Among the lines of data below, reproduce only those from the one with "Tiết 64: LUYỆN" through the one with "- D’autres compagnies, attachées", exactly as they stand, both ends included.

(Materials provided begins)

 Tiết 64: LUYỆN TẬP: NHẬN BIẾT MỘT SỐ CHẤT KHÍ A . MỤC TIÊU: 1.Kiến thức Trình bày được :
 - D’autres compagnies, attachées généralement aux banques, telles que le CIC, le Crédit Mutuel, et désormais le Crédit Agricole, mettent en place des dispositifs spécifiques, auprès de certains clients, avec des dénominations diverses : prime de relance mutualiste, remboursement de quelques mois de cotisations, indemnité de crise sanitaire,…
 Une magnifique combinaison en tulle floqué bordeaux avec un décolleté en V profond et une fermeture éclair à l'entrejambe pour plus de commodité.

(Materials provided ends)
(Materials provided begins)

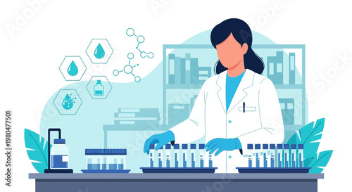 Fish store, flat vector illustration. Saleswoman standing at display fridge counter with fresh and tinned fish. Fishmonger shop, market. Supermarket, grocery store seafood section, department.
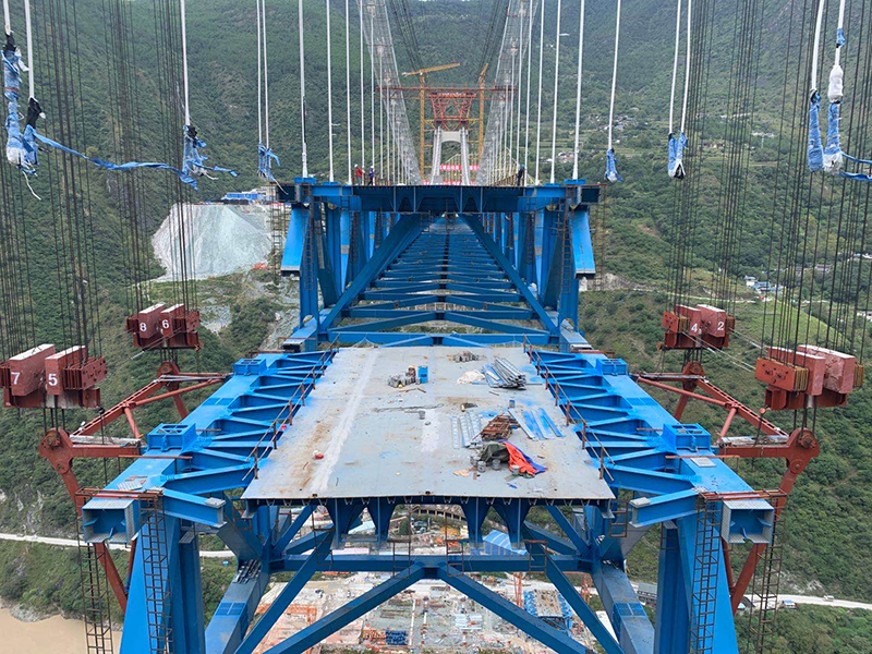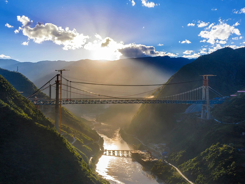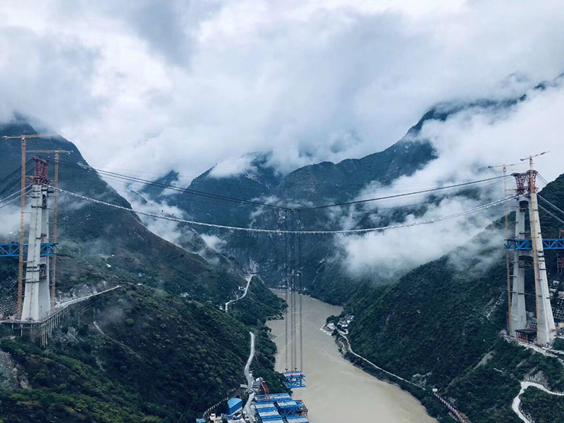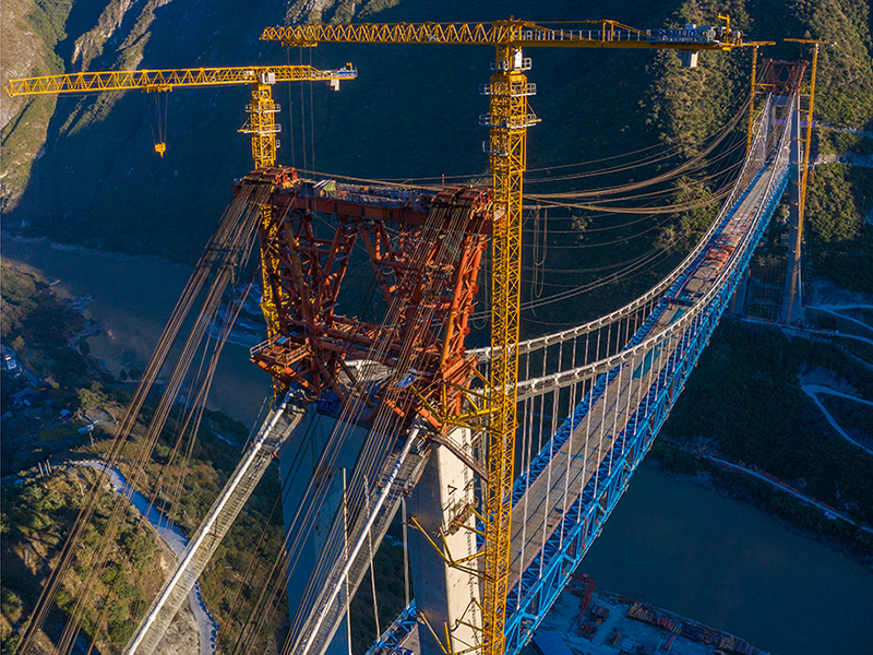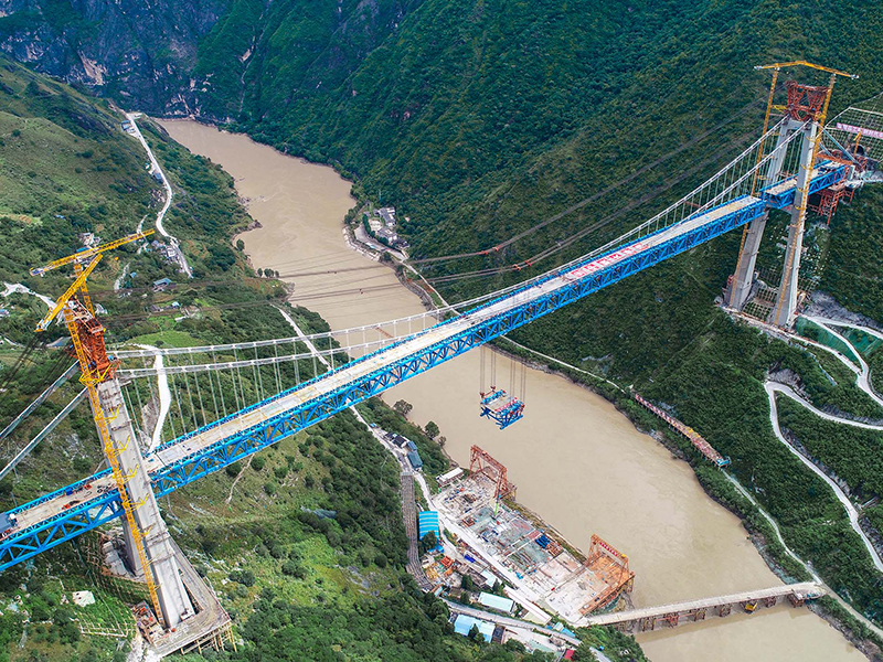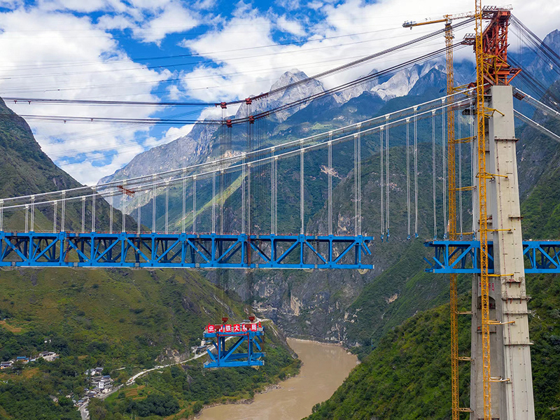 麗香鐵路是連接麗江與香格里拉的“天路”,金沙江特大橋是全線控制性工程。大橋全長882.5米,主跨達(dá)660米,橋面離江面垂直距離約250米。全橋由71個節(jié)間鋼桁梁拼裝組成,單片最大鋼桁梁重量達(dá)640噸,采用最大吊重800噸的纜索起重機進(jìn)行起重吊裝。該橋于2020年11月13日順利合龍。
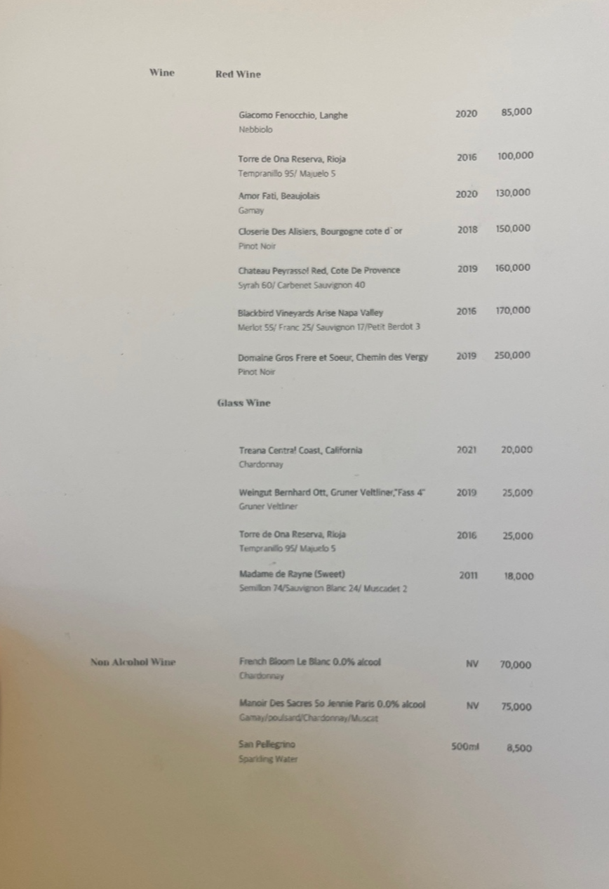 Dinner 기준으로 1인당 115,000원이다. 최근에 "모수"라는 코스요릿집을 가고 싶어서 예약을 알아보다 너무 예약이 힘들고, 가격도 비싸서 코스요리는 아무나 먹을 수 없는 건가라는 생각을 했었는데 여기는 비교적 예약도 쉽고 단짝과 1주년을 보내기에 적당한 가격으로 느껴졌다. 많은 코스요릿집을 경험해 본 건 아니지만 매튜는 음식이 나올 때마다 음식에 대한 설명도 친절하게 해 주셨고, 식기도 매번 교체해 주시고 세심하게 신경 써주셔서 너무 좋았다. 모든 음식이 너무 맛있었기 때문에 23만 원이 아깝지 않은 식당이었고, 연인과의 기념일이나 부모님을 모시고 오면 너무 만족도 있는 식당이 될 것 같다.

(Materials provided ends)
(Materials provided begins)

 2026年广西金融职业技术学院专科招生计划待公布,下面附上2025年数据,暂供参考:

(Materials provided ends)

Result of this task —
 Tiết 64: LUYỆN TẬP: NHẬN BIẾT MỘT SỐ CHẤT KHÍ A . MỤC TIÊU: 1.Kiến thức Trình bày được :
 - D’autres compagnies, attachées généralement aux banques, telles que le CIC, le Crédit Mutuel, et désormais le Crédit Agricole, mettent en place des dispositifs spécifiques, auprès de certains clients, avec des dénominations diverses : prime de relance mutualiste, remboursement de quelques mois de cotisations, indemnité de crise sanitaire,…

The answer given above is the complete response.